IoT-Based Electric Vehicle State Estimation and Control Algorithms Under Cyber Attacks

Abstract

In order to provide intelligent services, the Internet-of-Things (IoT) facilitates millions of smart devices to be enabled with network connectivity to sense, collect, process, and exchange information. Based on the communication infrastructure, the IoT can allow cyber-physical devices, such as an electric vehicle, to sense, monitor, and control from the remote control center in real time. Unfortunately, the traditional communication infrastructure is vulnerable to cyber attacks, so it is a challenging task for the IoT to explore these applications. In order to overcome the problem, this article proposes an algorithm for monitoring and controlling the electric vehicle using the IoT communication network considering false data-injection attacks.
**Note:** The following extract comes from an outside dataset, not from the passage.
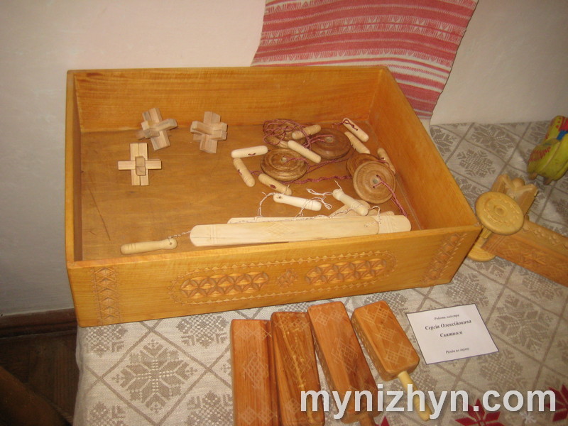 Сергій Олексійович Святний – ніжинський майстер з різьблення по дереву, який творить у жанрі народної іграшки, музичних інструментів та традиційного чернігівського посуду. З самого дитинства серйозно займається різьбленням. Вирізати з дерева фігурки тварин і людей навчився від батька, після чого самостійно вивчав особливості художньої обробки дерева і дерев`яної іграшки з книг та від інших майстрів.

First, the driverless electric vehicle with onboard vision system is represented by a state-space framework. As the electric vehicle and monitoring control center are far away, the IoT-embedded smart sensors and actuators are used to measure and control the system states. The vehicle sensing information is transmitted to the control center over an unreliable communication channel where attacks happen. Based on the mean square error principle, the optimal state estimation algorithm is derived to know and visualize the vehicle states. In order to regulate the vehicle states, the optimal control algorithm is designed based on the semidefinite programming approach. The simulation results show that the proposed algorithms are able to properly estimate and regulate the vehicle states within a short period of time.